After his return to Dayton from Chicago, Storck tried his hand at professional football, playing weekends for the St. Marys Cadets before assuming the helm of the venerable Dayton Triangles as player-coach. In this capacity as head of the Triangles, Storck became a founder of the National Football League, representing the club at the September 17, 1920, meeting at Ralph Hay's Hupmobile dealership which formally organized the American Professional Football Association, forerunner of the NFL.

The Triangles would have trouble competing in the increasingly competitive NFL, however, and would be plagued by poor attendance throughout their existence.

Storck would remain head of the Triangles franchise until its sale in 1928 to Bill Dwyer, who moved the team to Brooklyn and renamed them the Brooklyn Dodgers.

===League officer===

Storck served as secretary-treasurer of the National Football League from 1921 to 1939.

Upon the death of Joe Carr, Storck served as president of the NFL during its 1939 and 1940 seasons.

===The NFL restructures===

As the public presence of the NFL grew, it sought to professionalize its apparatus.

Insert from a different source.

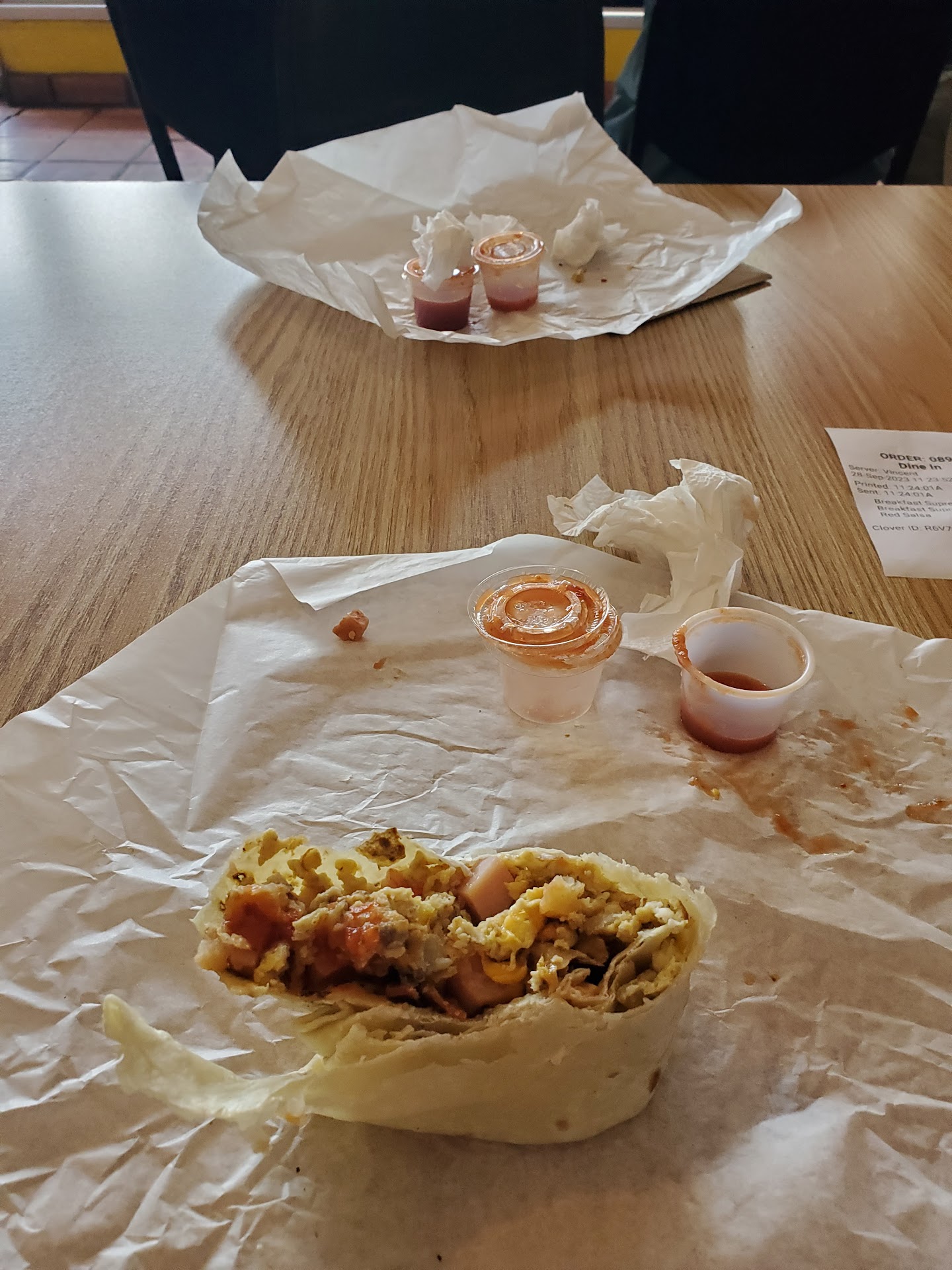 I would like to say how much I appreciate the great people I deal with here on an almost weekly basis. Mainly go in the morning on my day off- they give punch cards for free burritos too which I've used a few times. Yes,the cooking area is open to view. The people who complain about that are idiots. The pots are used daily & seasoned but not dirty. In fact I have never observed anything that wouldn't pass a health inspection, and believe me I know what I'm talking about there. I've worked in food service a long time and keep a A rated work area myself. I see them putting unused product ( shredded lettuce etc) back in their cooler when they're done with it and other things many places neglect to do. My favorite is the green chile. (beef) and egg combo but I have tried both the mild and hot machaca burritos too. I've heard the egg, steak & potato is awesome also.All good but the hot macahaca is too much for my old stomach! The interior is different and colorful but not dirty, I only go in the ladies restroom but have always found it clean and well stocked. For those who are don't like the shopping center, it IS old. There used to be a movie theater ( saw Star Wars there) in the corner and a lot of things have been in an out. Except Burrito Express and KFC. I have never been panhandled there and no one bothers you so not sure what the griping is about. This location does a booming take out business but they are pretty fast from what I observe and has lots of regulars like me who often times have their order remembered when they come in. I like to support local business whenever I can and I have no reservations...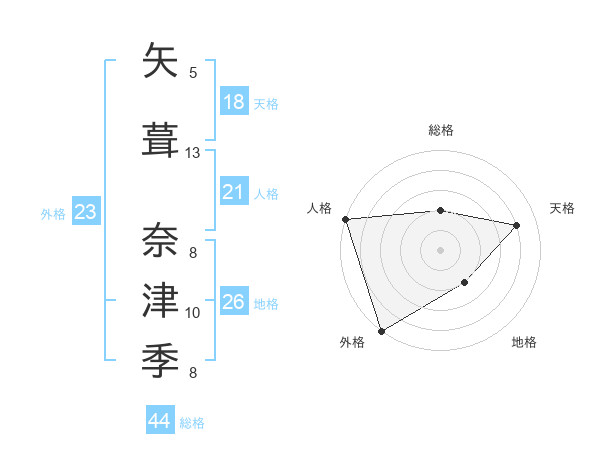 矢葺 奈津季さんを姓名の画数から五運を鑑定

The ten owners of the NFL came to a decision in 1940 to supplant the role of league president by following the path blazed by Major League Baseball by hiring and empowering a prominent Commissioner. Corinne Griffith, wife of Washington Redskins owner George Preston Marshall, recalled this process in her 1947 memoir: "A big name was desired by all. Draft meetings were postponed, schedules sidetracked, and football players forgotten. The hunt for a big name began. Every living famous name in the United States was suggested, I believe."

Elmer Layden as NFL Commissioner in 1941.

Former Notre Dame great Elmer Layden, an undersized fullback who gained fame as a member of Knute Rockne's legendary "Four Horsemen" backfield of 1924, was decided upon. A lucrative five-year contract was bestowed upon Layden to induce him to leave his comfortable position as head coach and athletic director of Notre Dame.

The restructuring changed the league's leadership, and Carl Storck's position was removed. As a result, Storck later resigned from his role as president. He had given twenty years of his life to the NFL as a league official and had performed his duties capably. He was not the subject of criticism during his tenure as president. Now he was seemingly rendered a veritable minister without portfolio or even function.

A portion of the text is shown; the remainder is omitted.